HomeFilmArrow Video FrightFest 2018: The Dark review

Arrow Video FrightFest 2018: The Dark review

The legend of Devil’s Den is infamous. The woods around it haunted by a monster that feeds on human flesh and kills indiscriminately. On the run from police, Josef (Karl Markovics), runs to the one place he thinks no one will dare look for him. Once ‘safe’ Josef encounters the monster, a dead girl who just wants to be left alone, in her home. However, the arrival of Josef changes the future of the Devil (Nadia Alexander) of Devil’s Den and that of the boy he had kidnapped, Alex (Toby Nichols).

In a single word, this film is clever.

In the oddest of ways this is a coming-of-age movie for a teenage monster who died in gruesome circumstances and who has killed any adult that has come near her, as adults have proven themselves to be untrustworthy. So, her encounter with Alex, someone her own age, who evidently can’t and won’t harm her and doesn’t know she looks like the descendent of Linda Blair in The Exorcist, is the first positive human interaction she has had in a long time.

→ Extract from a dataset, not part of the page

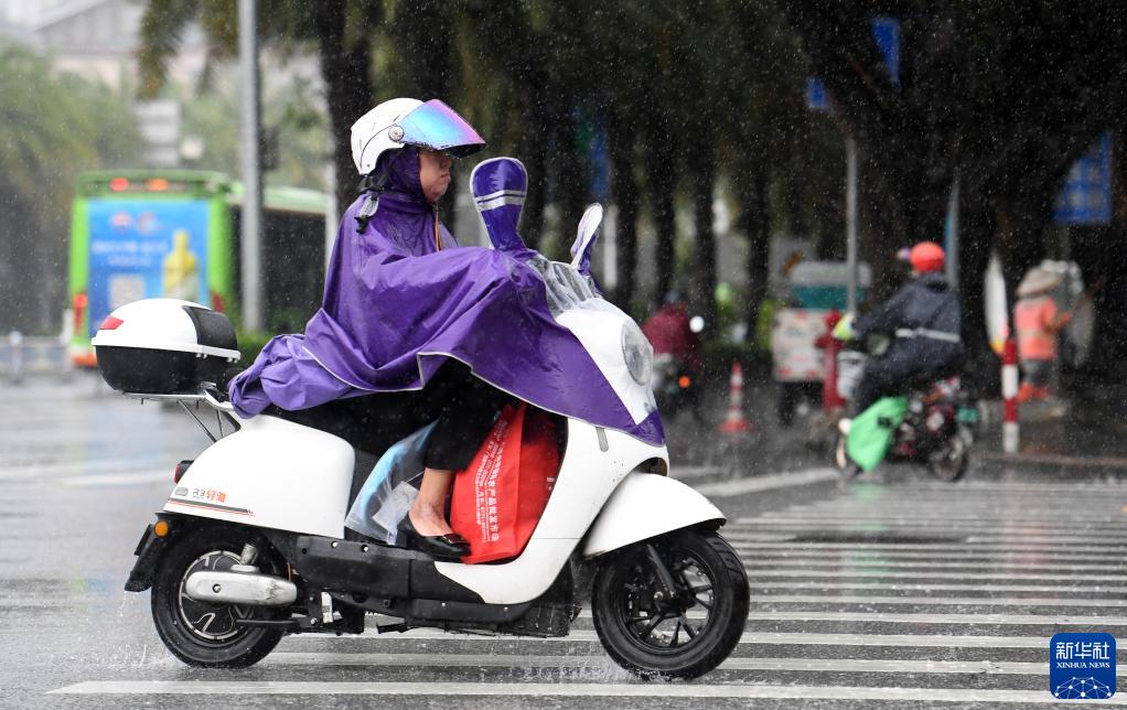 6月26日,在廣西南寧市濱湖路,市民冒雨出行。

Bonded by the abuse they have separately suffered and the physical scars that mark them, they soon become a team. Mina helping Alex for human rather than monster reasons and Alex completely accepting that she kills people. He brings out her kindness and she helps him break free of the figurative bonds still tying him to his captor and keeping him from his family.

The changes in Mina’s personality are not as obvious at first, as you have no idea what she was like before the start of the film. The physical changes are subtle, and the make-up department do a great job. There is moment just before Mina realises the physical changes that the audience notice it and it’s a great moment. Mina runs with the changes, all told by the looks of wonder and awe of Nadia Alexander, who effortlessly switches between monster and shy teenager. Her ability to play the character, that looks like a monster, as a normal stroppy teen without it feeling weird, is brilliant.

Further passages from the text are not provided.